Hannover hatte lange Zeit mehr Spielanteile aber unsere auch mental wieder erstarkte Abwehr stand sehr kompakt und das Umschaltspiel brachte für die Eintracht einige gute Chancen. Decarli war in der letzten Reihe nach seiner Verletzung wieder dabei und eine klare Verstärkung in einer 4-2-3-1-Aufstellung.
Noch 14 Punkte
Noch 9 Spieltage. 27 Punkte sind noch zu vergeben. Wir brauchen 14, das sollte reichen. Das sind die Fakten. Anders ausgedrückt, 4 Siege und zwei Unentschieden. Ohne das Spiel in dieser Qualität und ohne die Punkte aus dem Spiel gegen Hannover wäre die Ausgangssituation weitaus schwieriger. Dieser Mannschaft traue ich das aber zu! Das Team will den Klassenerhalt unbedingt, das spüre ich. Und das Gute: Wichtige Spieler sind auch wieder einsatzbereit.
Wo Matchplan?
…schreibt michel.hrm auf dem social media Kanal von Hannover nach dem Spiel über seine Mannschaft. Das ist noch eine sehr sportliche Auseinandersetzung mit der eigenen Mannschaft. Man könnte auch fragen: „Wo Gehirn?“ Denn anders reagierten die mitgereisten fanatischen Anhänger aus der Nachbarstadt: Fotos, die mir zugesandt wurden, zeigen aus den Wänden gerissene Urinale auf dem Gäste WC, im Feuer geschmolzene Sitzschalen, völlig zerstörte Sitzreihen in der Nordkurve. Da würde ich schon nicht mehr nach einem Matchplan fragen, da müssen ganz andere Dinge hinterfragt werden. Und eine Aufarbeitung ist dringend nötig. Viele werden sich überlegen, ob der Fußball in dieser Ausprägung noch aufrechtzuhalten ist. Was ist das für ein Vorbild für unsere Gesellschaft? Fanatiker können ungestraft Spieler und Zuschauer mit Feuerwerkskörpern beschießen oder Teile des Stadions anzünden. Familien mit Kindern sind nun die ersten, die sich einen Besuch im Stadion überlegen. Und weitere Besuchergruppen werden folgen.
Kumba will zur Eintracht
Domi Kumbela treffe ich vor der Partie im Businessbereich. Gemeinsam mit Deniz Dogan ist er hier, um „seine“ Eintracht zu unterstützen. In der Halbzeitpause steht er als Experte im Fernsehinterview. Nach dem Spiel sage ich zu ihm, er solle beim nächsten Mal wiederkommen, er bringe Glück und seine Unterstützung tue der Mannschaft gut.
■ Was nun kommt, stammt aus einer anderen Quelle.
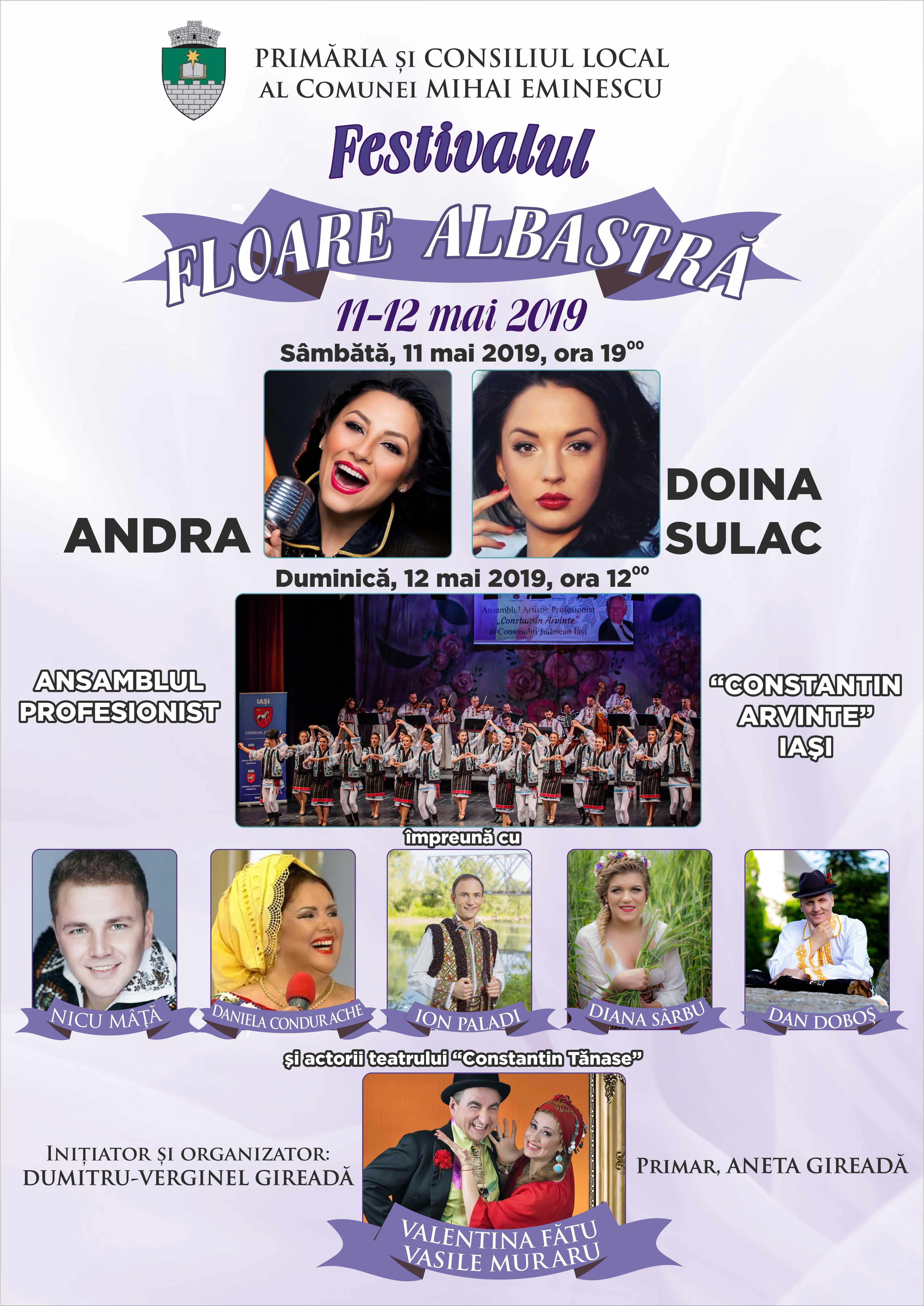 Ca in fiecare an, in luna mai, pe meleagurile eminesciene se organizeaza festivalul „Floare Albastra”. Initiatorul evenimentului, respectiv actualul reprezentant al institutiei, Gireada Dumitru Verginel, a tinut ca desfasurarea acestui eveniment sa devina o traditie, Festivalul din acest an fiind la cea de-a XII- a editie, acesta avand loc in perioada 11-12 mai pe stadionul „Luceafarul” din satul Ipotesti.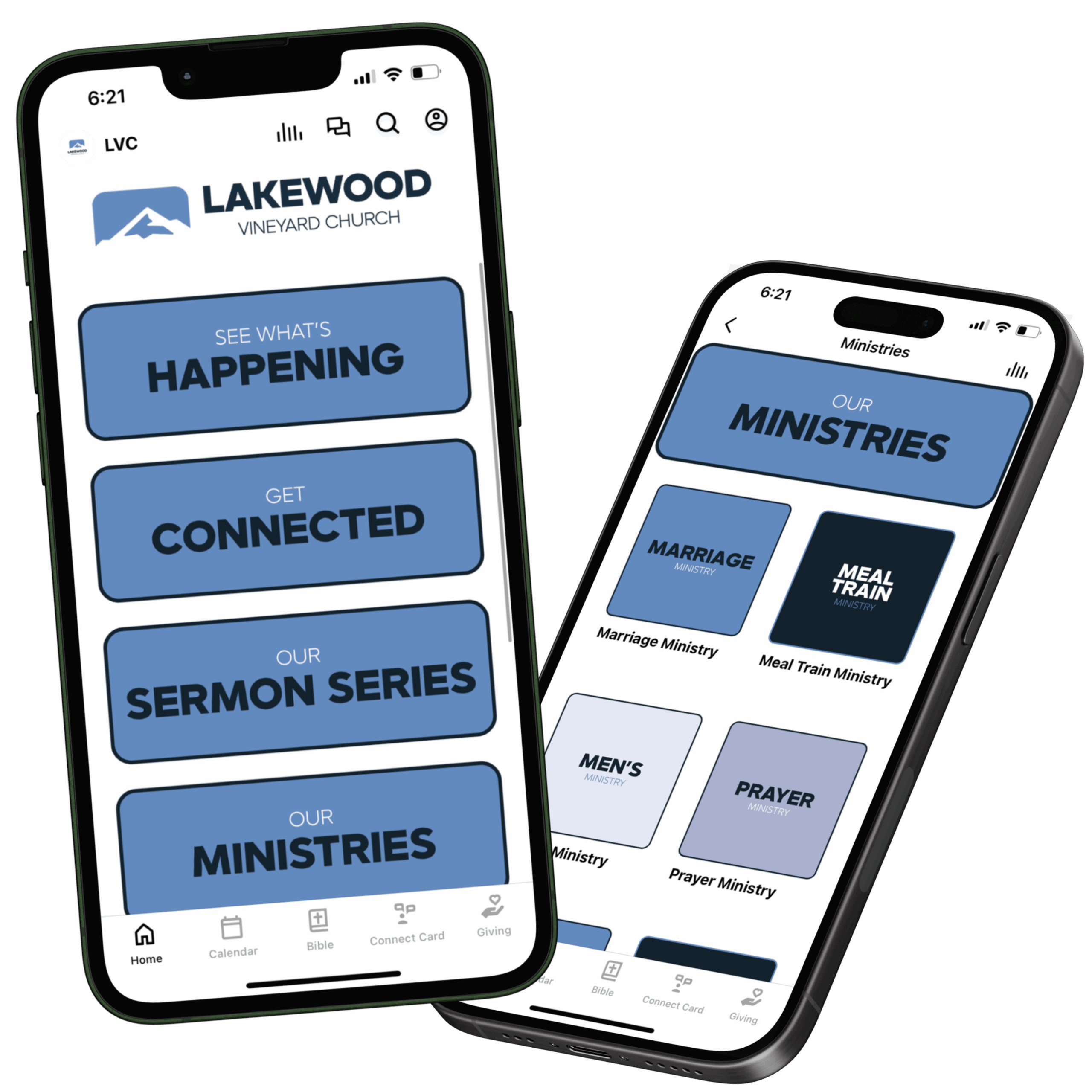 Find our Calendar, Connect with Small Groups, Listen to our Podcast, and much more... stay connected to everything happening within the Lakewood Vineyard Church on the LVC App.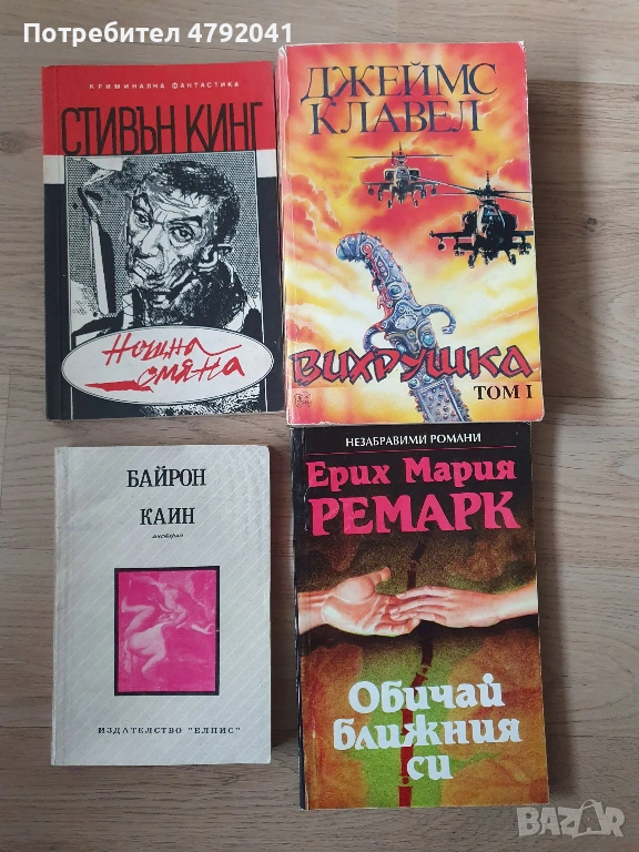Снимка 5. Стивън Кинг-Нощна смяна, Джеймс Клавел-Вихрушка, Байрон-Каин, Ерих Мария Ремарк-Обичай ближния си по 4 евро/бр.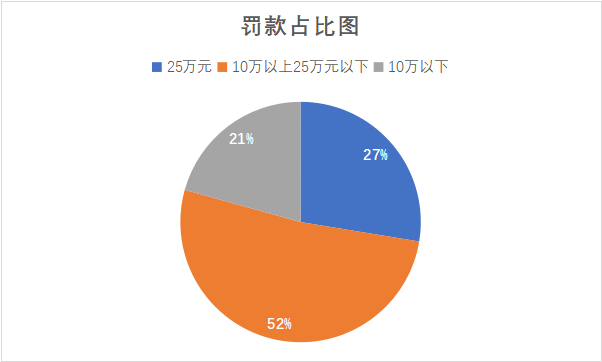 笔者以“人脸识别”作为关键词,通过威科先行数据科进行检索,共检索到422件涉及“人脸识别行政处罚”的案件。其中,因“人脸识别”所涉的人格权益保护案件29件,均发生在房屋销售行业中。在这29件案件中,65%的案件发生在浙江省(以宁波地区为首),罚款金额在10万元以上的案件(包括10万)占比48%,其中罚款金额为25万元的占比27%,具体详见下图。

Domi sagt, er komme gerne wieder, am liebsten in einer anderen, neuen Rolle bei Eintracht. Das war ein klares Motivationsschreiben für einen Job…
Ein weiterer Gewinner: Der Schiedsrichter
Schiedsrichter Patrick Ittrich aus Hamburg bekommt Beifall von den Rängen kurz bevor er sich in den Spielertunnel verabschiedet. Er bleibt kurz stehen mit seinen Assistenten, verneigt sich und tritt ab. Jederzeit hatte er das Spiel im Griff, Einzelaktionen moderierte er mit viel Kommunikation zwischen den Spielern und er benötigte nur drei gelbe Karten. Eine hervorragende Leistung des Schiedsrichterteams in dieser aufgeheizten Stimmung!
Mit dem Fahrrad entfernen Johanna und ich uns in Richtung „Östliches“ und atmen erstmal durch.